I am trying to understand how Postgres uses index and ran into a surprising
behavior if someone can help me with. I have a table like so:
CREATE TABLE testschema.employees ( employee_id integer not null,
first_name varchar(1000) not null, last_name varchar(1000) not null,
date_of_birth date not null, phone_number varchar(1000) not null, constraint
employees_pk primary key (employee_id) );
At the moment I have ZERO rows in the table. I verified that employees_pk
creates an index of type 'btree(employee_id). After that I ran explain on two
queries:
(1) Here I am searching for employee_id '123' and as expected the plan shows it
will do an b-tree traversal on employees_pk index.
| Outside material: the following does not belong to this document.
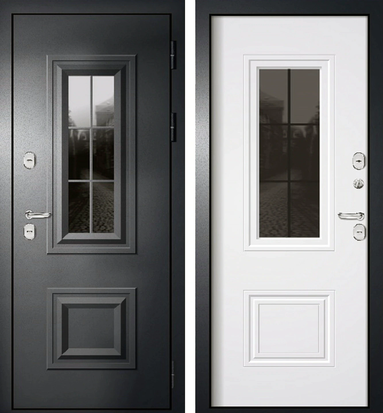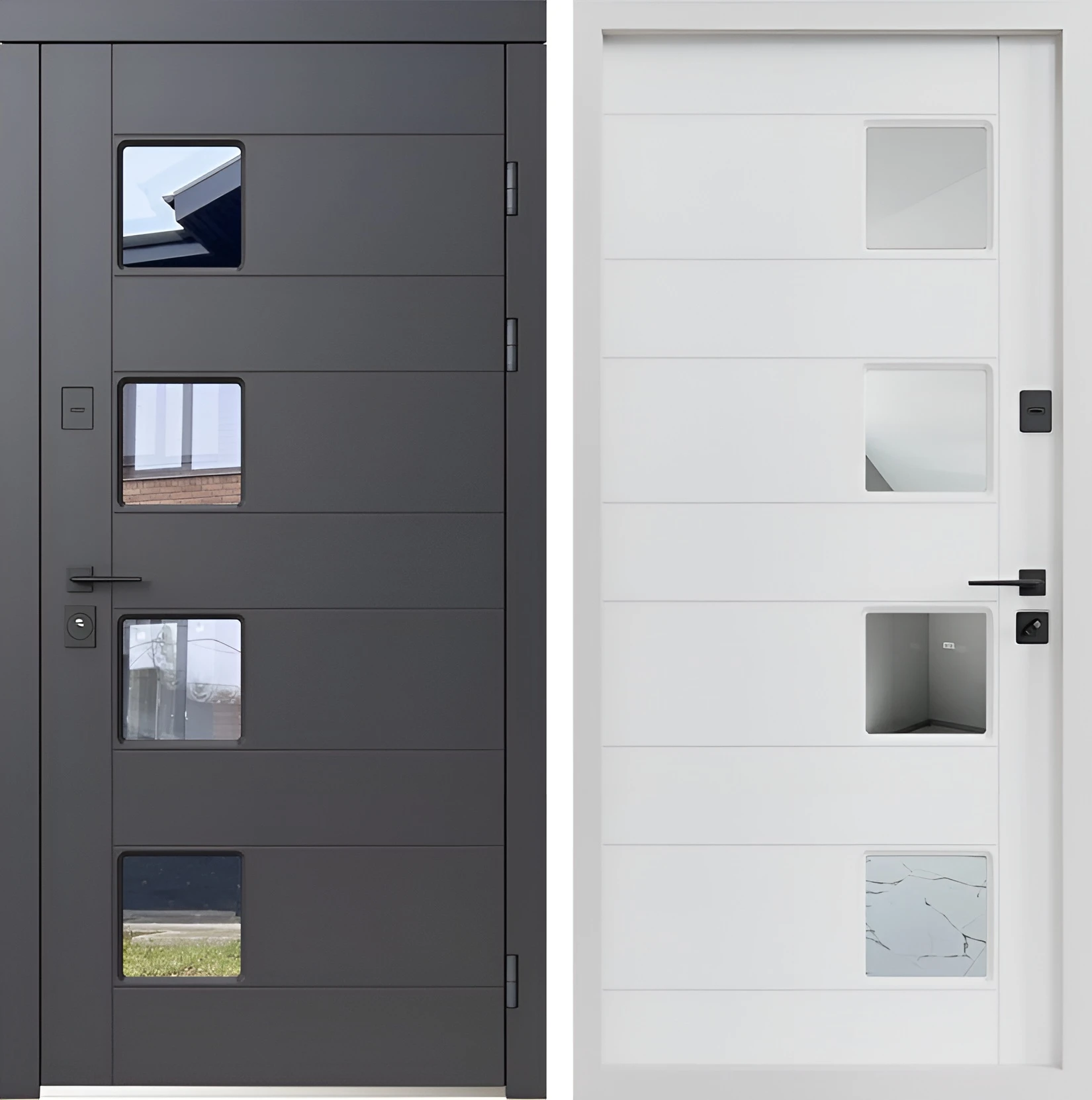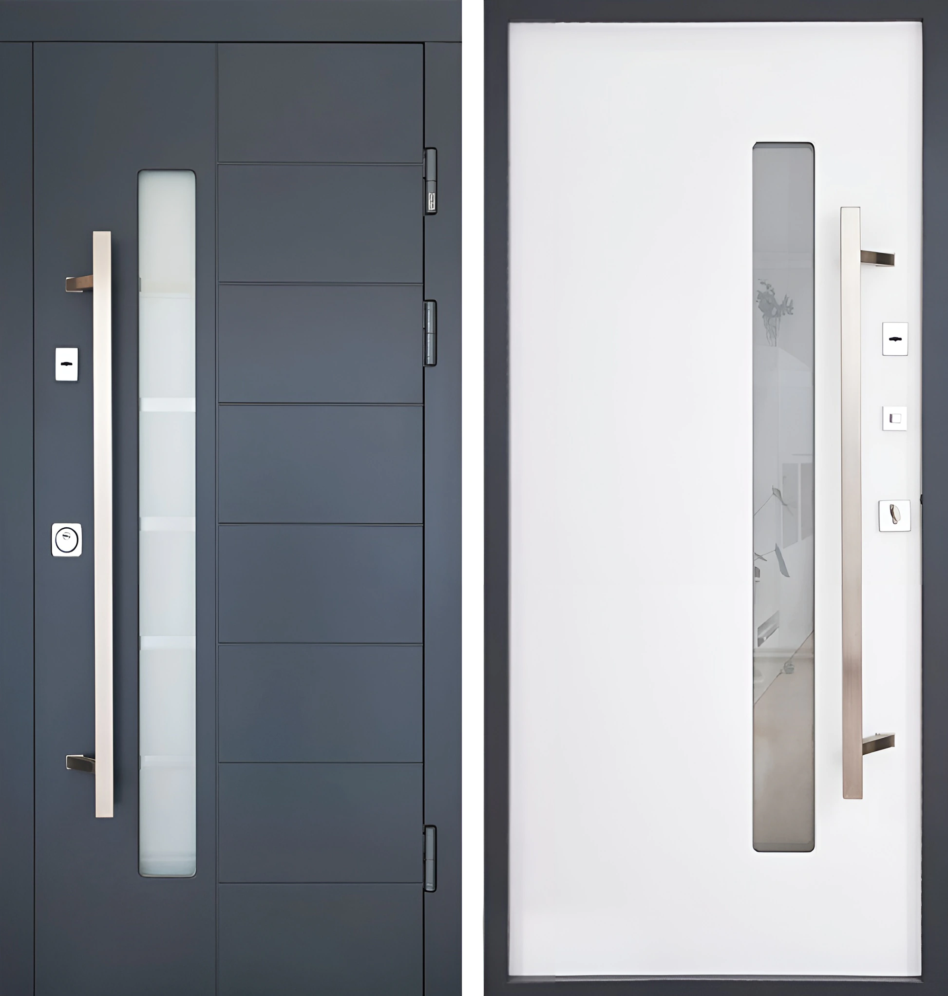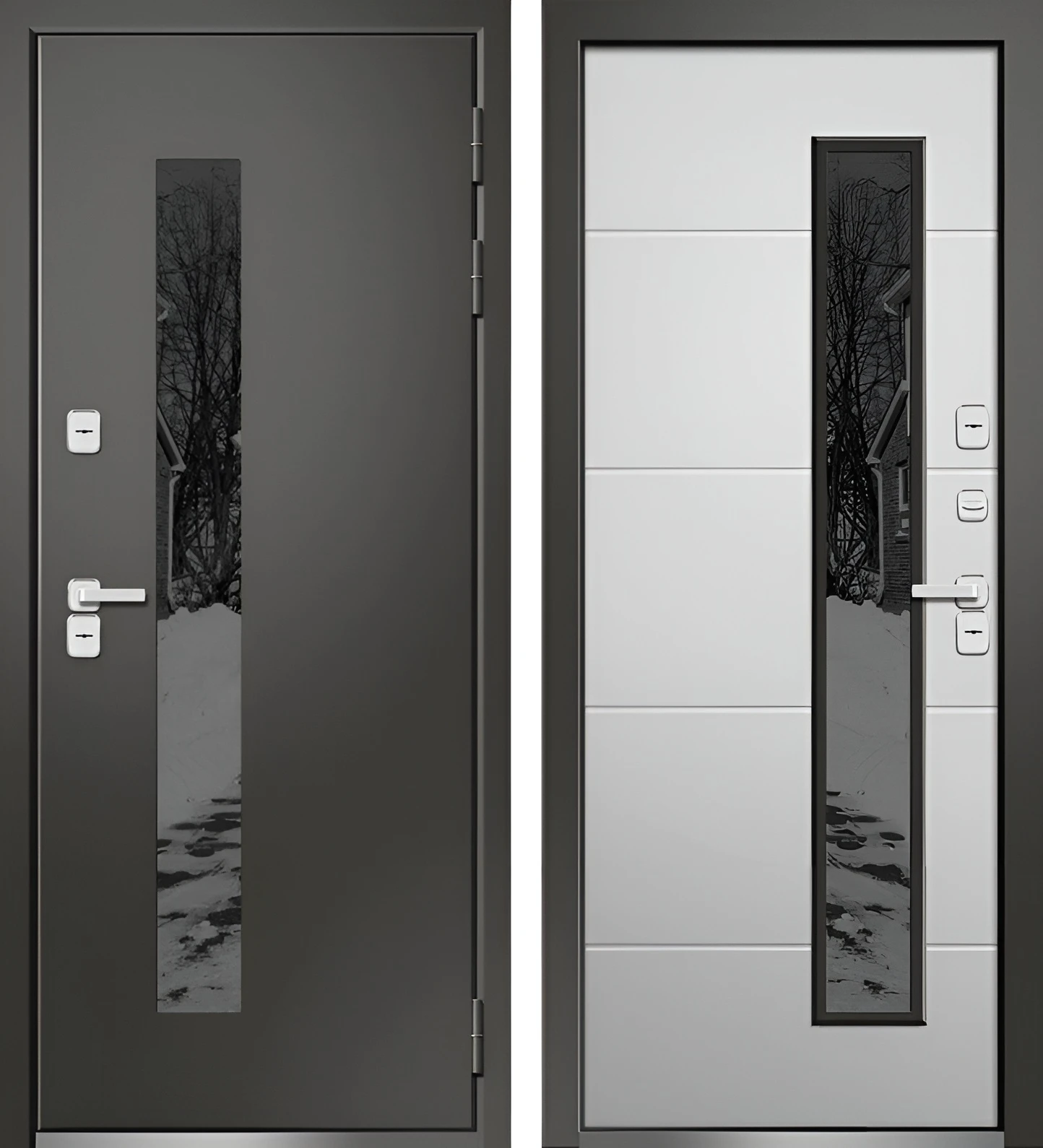 Входная дверь с витражным стеклом МДФ Мокрый асфальт Дуб белёный с терморазрывом

testdb# explain select first_name, last_name from testschema.employees where
employee_id = 123; QUERY PLAN
═════════════════════════════════════════════════════════════════════════════════
Index Scan using employees_pk on employees (cost=0.14..8.16 rows=1
width=1032) Index Cond: (employee_id = 123)(2 rows)
(2) Here I am searching for employee_id < 123. I was expecting the plan would
use the index on employees_pk to find all leaf nodes where employee_id < 123
and then issue read of table blocks for each of the matching entries in the
index leaf. But looks like the query plan has decided on using full table scan
instead and not using the index. Any ideas why is this happening?
testdb# explain select first_name, last_name from testschema.employees where
employee_id < 123; QUERY PLAN
══════════════════════════════════════════════════════════════ Seq Scan on
employees (cost=0.00..10.62 rows=17 width=1032) Filter: (employee_id <
123)(2 rows)
Any help will be greatly appreciated.
Thanks,
Shantanu